In this project, I developed a comprehensive framework to replicate and analyze key investment factors that are widely used in hedge fund strategies. The objective was to deepen my understanding of asset pricing anomalies and the construction of long-short portfolios by recreating several popular factors—similar to those found in the Capital IQ Alpha Factor Library—using historical stock data.

## Overview & Objectives

- **Replication of Investment Factors:**  
  I focused on replicating seven fundamental factors including Price Momentum, Analyst Expectations, Long-Term Momentum, Valuation (Book-to-Price), CAPM Beta, Size (Log Market Cap), and 12-Month Realized Price Volatility. The goal was to recreate these factors over a sample period from 1970 to 2019, ensuring the results correlated strongly (targeting correlations of 0.9 or higher) with benchmark data.

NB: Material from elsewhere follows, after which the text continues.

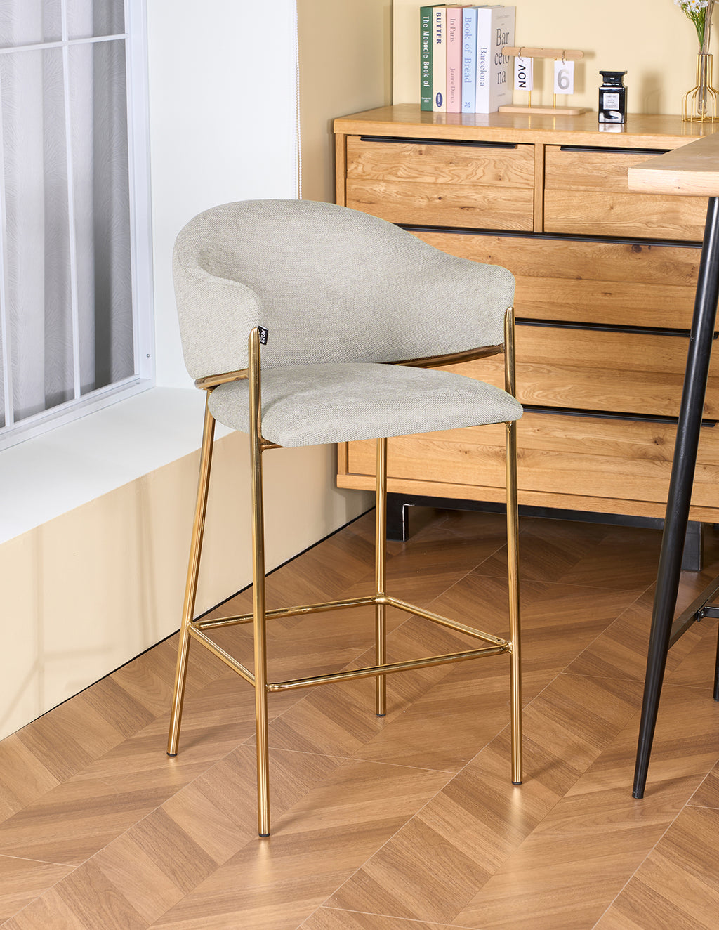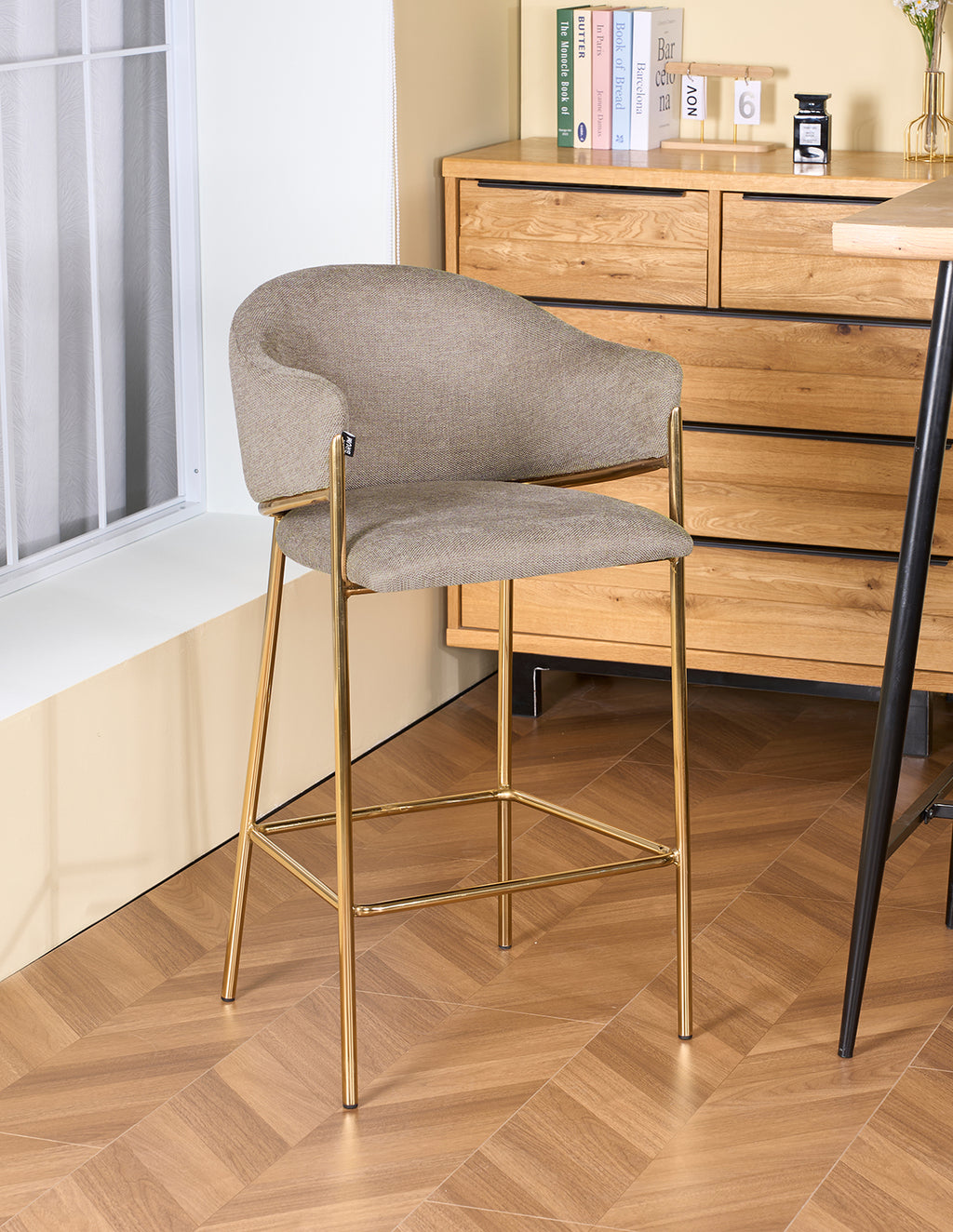 El Banco Berlín redefine la elegancia moderna con una silueta limpia y proporciones equilibradas. Su estructura metálica en acabado dorado refleja luz con sutileza, aportando un toque sofisticado que transforma cualquier barra o cocina en un espacio de diseño.

- **Data-Driven Approach:**  
  Utilizing a well-organized dataset sourced from major financial databases (Compustat-Capital IQ and I/B/E/S Thomson Reuters), I processed historical stock returns and firm-level characteristics. The dataset included extensive information on S&P 500 constituents, acknowledging the dynamic nature of the index over time.

## Methodology

- **Data Processing & Organization:**  
  I standardized the data to a monthly frequency and transformed individual variables into matrix forms, where each row represented a date and each column a firm. This allowed for efficient computation and portfolio construction.

- **Portfolio Sorting & Construction:**  
  Stocks were sorted into quintiles based on the specific characteristics relevant to each factor. I constructed equal-weighted portfolios, rebalancing them monthly, and calculated the quantile spread (difference between the top and bottom quintile returns) as a measure of factor performance.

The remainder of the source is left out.